Dataset entries:

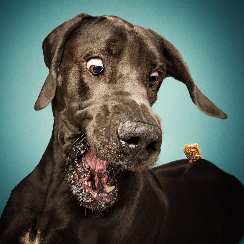 Фотограф Кристиан Филер (Christian Vieler) из Вальтропа (Германия) создает комические фотографии собак, пытающихся словить пастью еду.
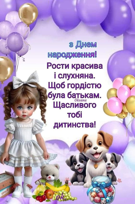 Вітаю з народженням донечки та бажаю, щоб крихітка росла гарною квіткою, вільною птахою, щасливою людиною, талановитою натурою, чарівною паняночкою. Бажаю донечці та батькам здоров’я, успіху, вдачі, усіх радощів життя, любові та поваги!
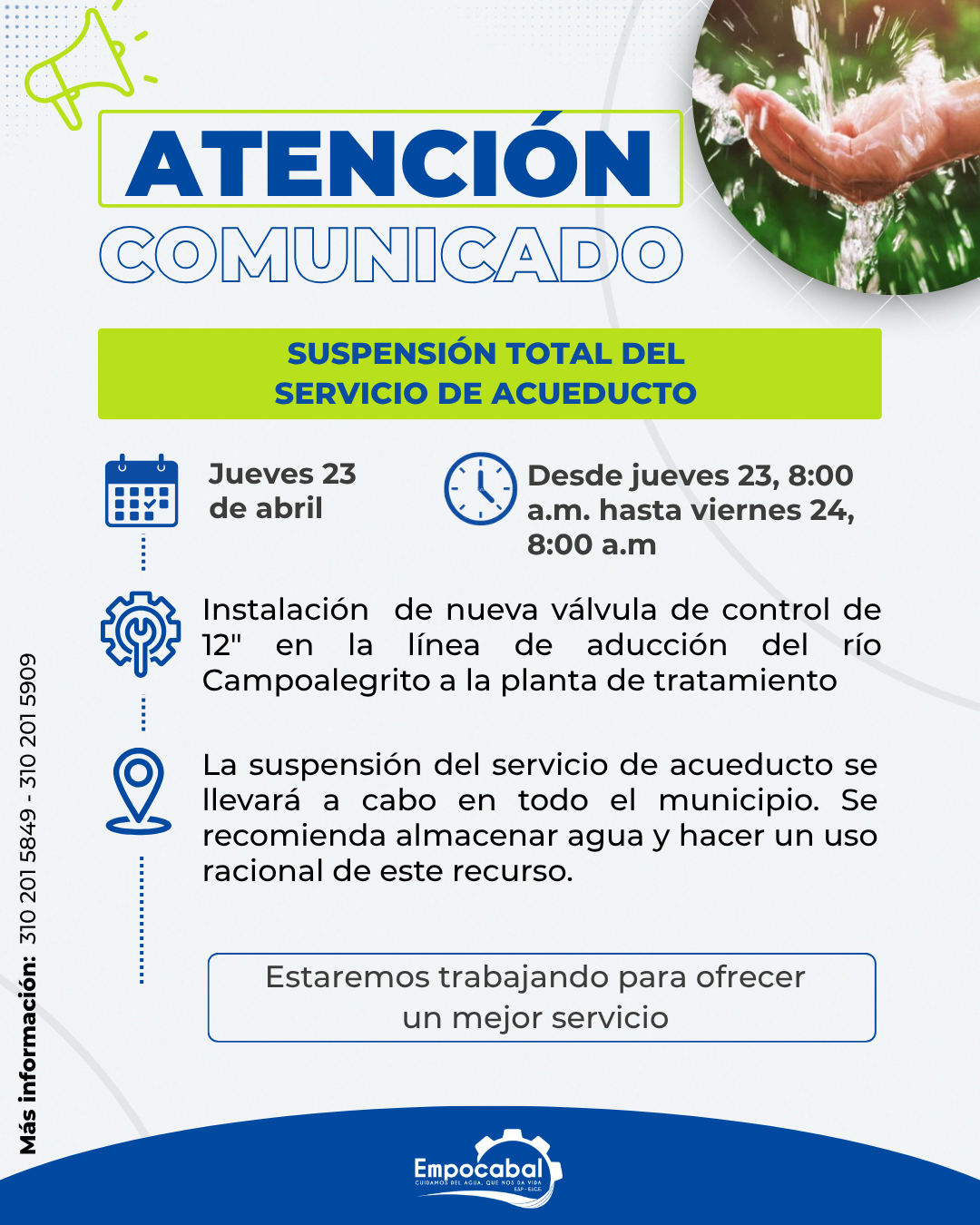SUSPENSIÓN PROGRAMADA EN EL SERVICIO DE ACUEDUCTO PARA EL DÍA JUEVES 23 DE ABRIL DESDE LAS 8:00 AM HASTA EL VIERNES 24 DE ABRIL A LAS 8:00 AM (24Hrs)
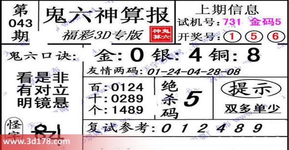 福彩3d之家第2014043期鬼六神算报详解:
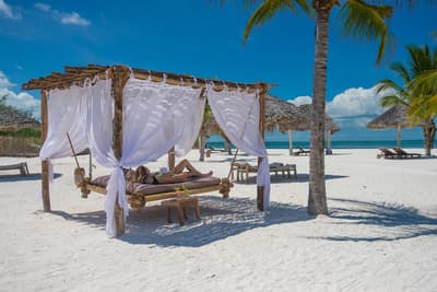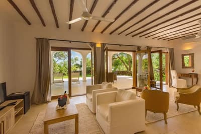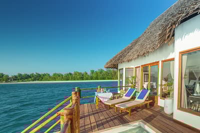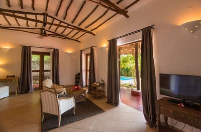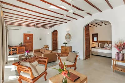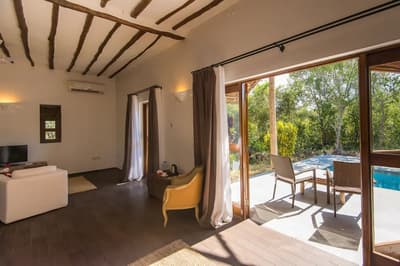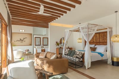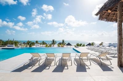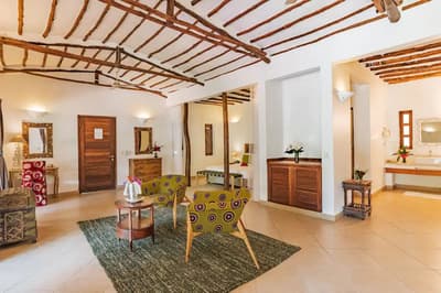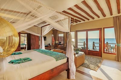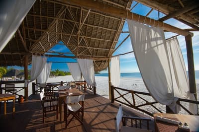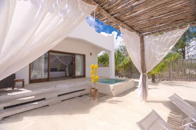Vous qui rêvez de plage et de cocotiers dans un cadre naturel à Zanzibar, le Konokono Beach Resort vous attend. Vous êtes entourés de verdure et d’essences locales, et face à vous se déploie la baie magique de Chwaka. Et étant donné que vous êtes au bout de la péninsule, à vous les couchers de soleil de fou ! Au Konokono Beach Resort, on prend soin de la nature, et pour cause, toute une faune habite ici ! A commencer par les petits singes typiques de l’île qui vous rendent parfois visite sur votre transat. Car oui, ici, on n’a pas fait les choses à moitié, vous avez votre propre villa ou bungalow. Au choix, avec vue sur le jardin ou sur la mer. Voire carrément sur la plage ! Et avec petite piscine privée pour chacune des chambres proposées. Bref, c’est le luxe. A noter que pour s’accorder avec ce cadre de rêve, tout a été construit de manière harmonieuse dans les règles de l’art de l’île. Toit de chaume, bois naturel et murs blancs immaculés, c’est une ambiance apaisante qui règne. Du coup, pour se mettre totalement en mode zen, un spa est à votre dispo avec massages et soins divers et variés. Sur place, vous pouvez aussi louer des paddles et des kayaks pour naviguer dans la baie en toute quiétude. Au niveau du restaurant légèrement surélevé, vous profitez d’une vue à couper le souffle, face à l’océan et la piscine. A table, vous profiter d’une cuisine faite à base de produits frais, souvent issus de l’île. A vous les bons poissons pêchés du matin et les fruits frais exotiques à tomber par terre ! En couple ou en famille, c’est un hôtel qui permet vraiment de se ressourcer, loin de l’agitation. A noter quand même qu’il y a un bar de plage à proximité et un centre nautique à deux pas, vous n’êtes donc pas coupés du monde…
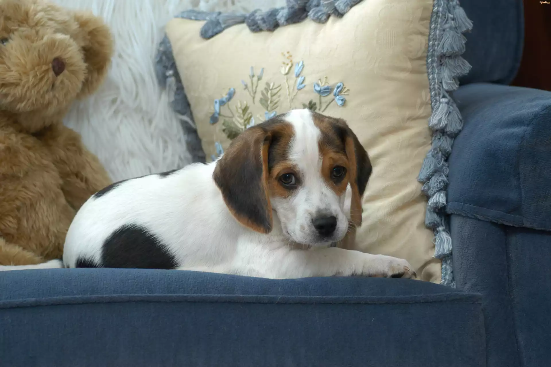 Pies Leżący, Pies, Kanapa, Poduszka, Pluszowy, Miś
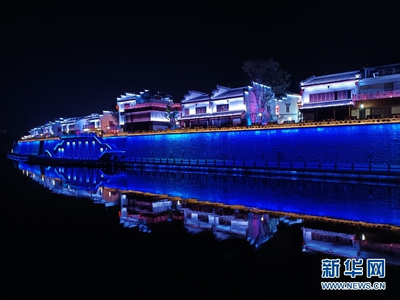 夜幕下的新安江畔。新華網(wǎng)李東標(biāo) 攝
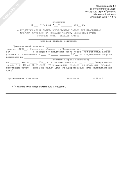 Извещение о продлении срока подачи котировочных заявок для проведения запроса котировок на поставку товара, выполнение работ, оказание услуг в г. Протвино Московской области (рекомендуемый образец заполнения)
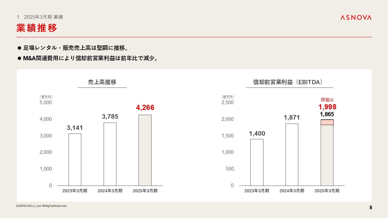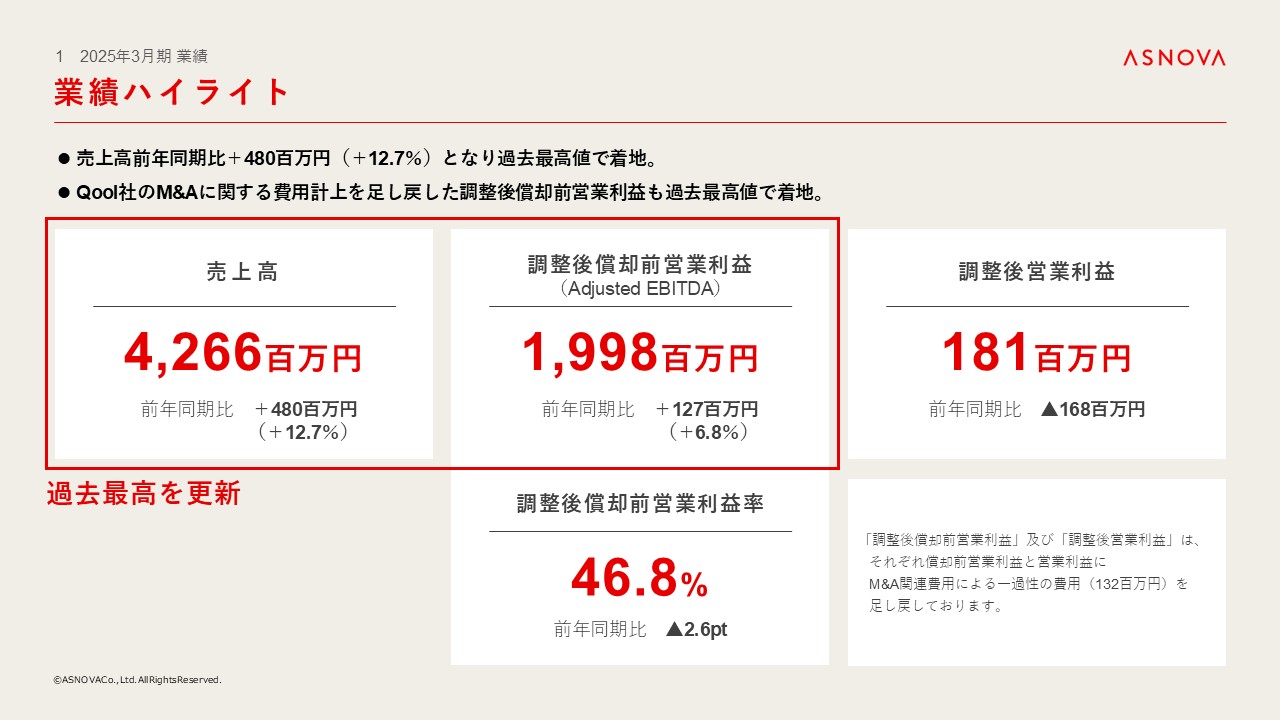 ④ 2025年3月期につきましては、売上高および調整後の償却前営業利益は過去最高となりました。
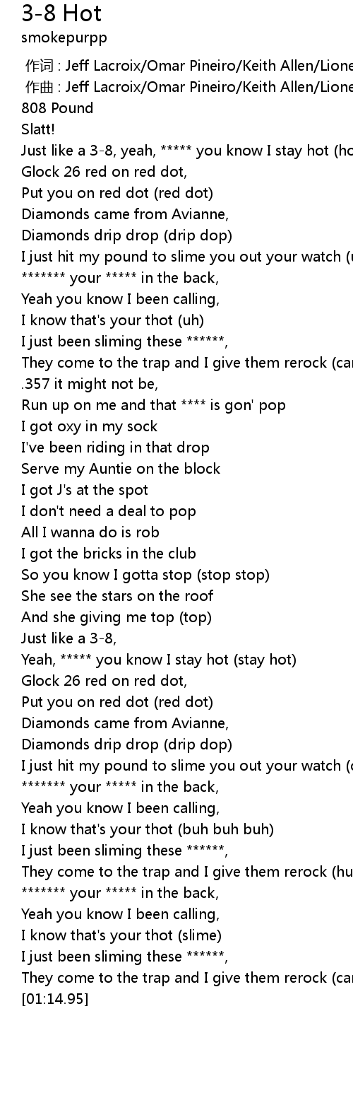 | [00:12.27] | Just like a 3-8, yeah, ***** you know I stay hot (hot) |
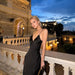 Vestido de alta costura con espalda descubierta, dulce y picante.
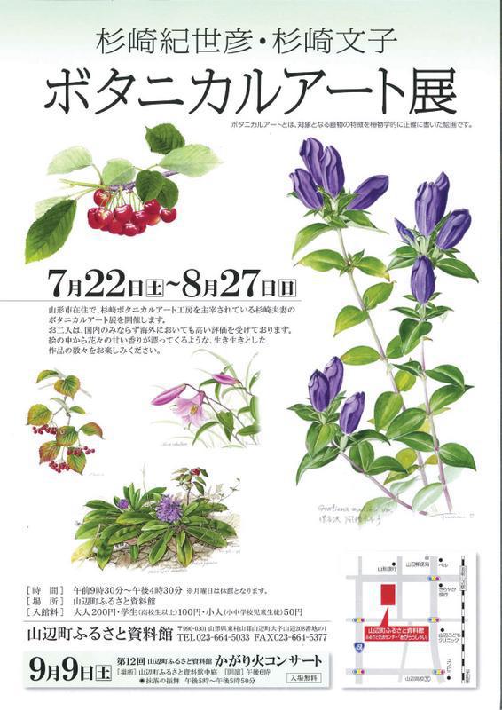 ふるさと資料館では、“杉崎紀世彦・杉崎文子ボタニカルアート展”を開催しています。「ボタニカルアート」とは、描く対象の食物の大きさや形、特徴などを詳しく正確に描いた絵画です。山形市在住の杉崎紀世彦・文子夫妻は、国内のみならず海外においても高い評価を受けております。身近な花々や果物等をありのまま生き生きと描いた杉崎夫妻の作品をお楽しみください。杉崎紀世彦・杉崎文子『ボタニカルアート展』□日時 2017年7月22日(土)〜8月27日(日)□時間 午前9時30分〜午後4時30分 ※月曜日は休館日□場所 ふるさと資料館 [TEL]023−664−5033□入館料 大人200円・学生(高校生以上)100円・小人50円
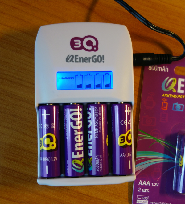 Зарядка интересная - с ЖК-дисплеем, на котором показывается уровень заряда по каждому аккумулятору. Удобно.
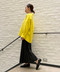 鮮やかなイエローが目を惹く<CINOH>のカーディガン。メンズのデザインをレディースサイズに別注したスペシャルなアイテム☆エコレザーのプリーツスカートを合わせて女性らしさをプラスしてコーディネートしました!
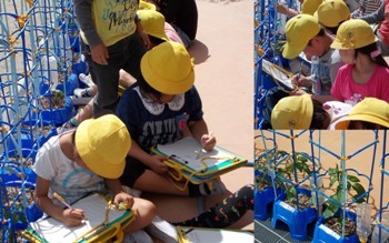 生活科の授業の一環として育てている野菜の観察をしました。大きく育って、大きな実をつけるといいですね。そのためには、しっかり世話をすることが大切です。水やりを忘れないようにしましょう。
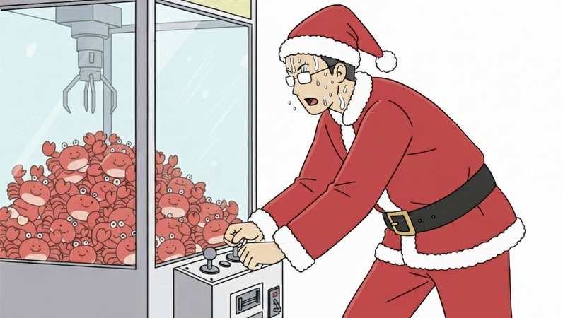 週末、サンタ(私)がゲームセンターで100円玉を積み上げ、脂汗をかきながら奮闘する未来が見えてきますが、いくらかかるかも分からないカニへの投資、、、
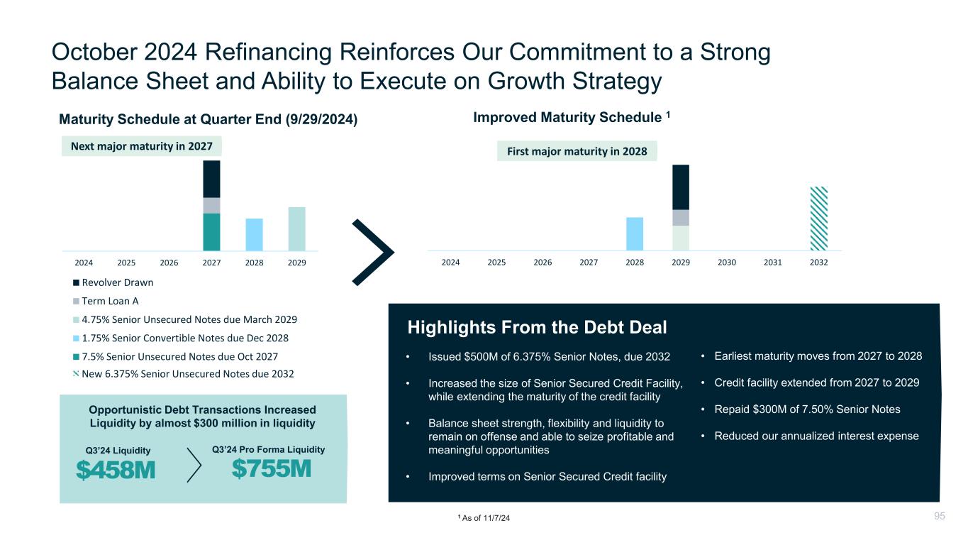 2024 2025 2026 2027 2028 2029 Revolver Drawn Term Loan A 4.75% Senior Unsecured Notes due March 2029 1.75% Senior Convertible Notes due Dec 2028 7.5% Senior Unsecured Notes due Oct 2027 October 2024 Refinancing Reinforces Our Commitment to a Strong Balance Sheet and Ability to Execute on Growth Strategy 2024 2025 2026 2027 2028 2029 2030 2031 2032 1 As of 11/7/24 • Issued $500M of 6.375% Senior Notes, due 2032 • Increased the size of Senior Secured Credit Facility, while extending the maturity of the credit facility • Balance sheet strength, flexibility and liquidity to remain on offense and able to seize profitable and meaningful opportunities • Improved terms on Senior Secured Credit facility Maturity Schedule at Quarter End (9/29/2024) • Earliest maturity moves from 2027 to 2028 • Credit facility extended from 2027 to 2029 • Repaid $300M of 7.50% Senior Notes • Reduced our annualized interest expense $458M Q3’24 Liquidity $755M Opportunistic Debt Transactions Increased Liquidity by almost $300 million in liquidity Highlights From the Debt Deal Improved Maturity Schedule 1 New 6.375% Senior Unsecured Notes due 2032 Q3’24 Pro Forma Liquidity Next major maturity in 2027 First major maturity in 2028 95
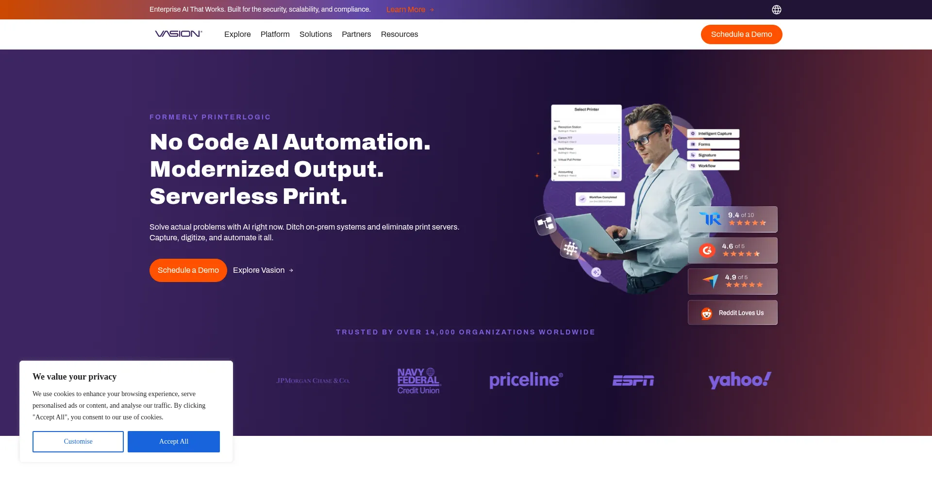 Accelerate your digital transformation with Vasion's no-code AI automation, modernized output management, and serverless print solutions.

> [Your instructions] Without including any pictures, return every line of the records exactly.

> [Finished exercise]
 Фотограф Кристиан Филер (Christian Vieler) из Вальтропа (Германия) создает комические фотографии собак, пытающихся словить пастью еду.
 Вітаю з народженням донечки та бажаю, щоб крихітка росла гарною квіткою, вільною птахою, щасливою людиною, талановитою натурою, чарівною паняночкою. Бажаю донечці та батькам здоров’я, успіху, вдачі, усіх радощів життя, любові та поваги!
SUSPENSIÓN PROGRAMADA EN EL SERVICIO DE ACUEDUCTO PARA EL DÍA JUEVES 23 DE ABRIL DESDE LAS 8:00 AM HASTA EL VIERNES 24 DE ABRIL A LAS 8:00 AM (24Hrs)
 福彩3d之家第2014043期鬼六神算报详解:
Vous qui rêvez de plage et de cocotiers dans un cadre naturel à Zanzibar, le Konokono Beach Resort vous attend. Vous êtes entourés de verdure et d’essences locales, et face à vous se déploie la baie magique de Chwaka. Et étant donné que vous êtes au bout de la péninsule, à vous les couchers de soleil de fou ! Au Konokono Beach Resort, on prend soin de la nature, et pour cause, toute une faune habite ici ! A commencer par les petits singes typiques de l’île qui vous rendent parfois visite sur votre transat. Car oui, ici, on n’a pas fait les choses à moitié, vous avez votre propre villa ou bungalow. Au choix, avec vue sur le jardin ou sur la mer. Voire carrément sur la plage ! Et avec petite piscine privée pour chacune des chambres proposées. Bref, c’est le luxe. A noter que pour s’accorder avec ce cadre de rêve, tout a été construit de manière harmonieuse dans les règles de l’art de l’île. Toit de chaume, bois naturel et murs blancs immaculés, c’est une ambiance apaisante qui règne. Du coup, pour se mettre totalement en mode zen, un spa est à votre dispo avec massages et soins divers et variés. Sur place, vous pouvez aussi louer des paddles et des kayaks pour naviguer dans la baie en toute quiétude. Au niveau du restaurant légèrement surélevé, vous profitez d’une vue à couper le souffle, face à l’océan et la piscine. A table, vous profiter d’une cuisine faite à base de produits frais, souvent issus de l’île. A vous les bons poissons pêchés du matin et les fruits frais exotiques à tomber par terre ! En couple ou en famille, c’est un hôtel qui permet vraiment de se ressourcer, loin de l’agitation. A noter quand même qu’il y a un bar de plage à proximité et un centre nautique à deux pas, vous n’êtes donc pas coupés du monde…
 Pies Leżący, Pies, Kanapa, Poduszka, Pluszowy, Miś
 夜幕下的新安江畔。新華網(wǎng)李東標(biāo) 攝
 Извещение о продлении срока подачи котировочных заявок для проведения запроса котировок на поставку товара, выполнение работ, оказание услуг в г. Протвино Московской области (рекомендуемый образец заполнения)
 ④ 2025年3月期につきましては、売上高および調整後の償却前営業利益は過去最高となりました。
 | [00:12.27] | Just like a 3-8, yeah, ***** you know I stay hot (hot) |
 Vestido de alta costura con espalda descubierta, dulce y picante.
 ふるさと資料館では、“杉崎紀世彦・杉崎文子ボタニカルアート展”を開催しています。「ボタニカルアート」とは、描く対象の食物の大きさや形、特徴などを詳しく正確に描いた絵画です。山形市在住の杉崎紀世彦・文子夫妻は、国内のみならず海外においても高い評価を受けております。身近な花々や果物等をありのまま生き生きと描いた杉崎夫妻の作品をお楽しみください。杉崎紀世彦・杉崎文子『ボタニカルアート展』□日時 2017年7月22日(土)〜8月27日(日)□時間 午前9時30分〜午後4時30分 ※月曜日は休館日□場所 ふるさと資料館 [TEL]023−664−5033□入館料 大人200円・学生(高校生以上)100円・小人50円
 Зарядка интересная - с ЖК-дисплеем, на котором показывается уровень заряда по каждому аккумулятору. Удобно.
 鮮やかなイエローが目を惹く<CINOH>のカーディガン。メンズのデザインをレディースサイズに別注したスペシャルなアイテム☆エコレザーのプリーツスカートを合わせて女性らしさをプラスしてコーディネートしました!
 生活科の授業の一環として育てている野菜の観察をしました。大きく育って、大きな実をつけるといいですね。そのためには、しっかり世話をすることが大切です。水やりを忘れないようにしましょう。
 週末、サンタ(私)がゲームセンターで100円玉を積み上げ、脂汗をかきながら奮闘する未来が見えてきますが、いくらかかるかも分からないカニへの投資、、、
 2024 2025 2026 2027 2028 2029 Revolver Drawn Term Loan A 4.75% Senior Unsecured Notes due March 2029 1.75% Senior Convertible Notes due Dec 2028 7.5% Senior Unsecured Notes due Oct 2027 October 2024 Refinancing Reinforces Our Commitment to a Strong Balance Sheet and Ability to Execute on Growth Strategy 2024 2025 2026 2027 2028 2029 2030 2031 2032 1 As of 11/7/24 • Issued $500M of 6.375% Senior Notes, due 2032 • Increased the size of Senior Secured Credit Facility, while extending the maturity of the credit facility • Balance sheet strength, flexibility and liquidity to remain on offense and able to seize profitable and meaningful opportunities • Improved terms on Senior Secured Credit facility Maturity Schedule at Quarter End (9/29/2024) • Earliest maturity moves from 2027 to 2028 • Credit facility extended from 2027 to 2029 • Repaid $300M of 7.50% Senior Notes • Reduced our annualized interest expense $458M Q3’24 Liquidity $755M Opportunistic Debt Transactions Increased Liquidity by almost $300 million in liquidity Highlights From the Debt Deal Improved Maturity Schedule 1 New 6.375% Senior Unsecured Notes due 2032 Q3’24 Pro Forma Liquidity Next major maturity in 2027 First major maturity in 2028 95
 Accelerate your digital transformation with Vasion's no-code AI automation, modernized output management, and serverless print solutions.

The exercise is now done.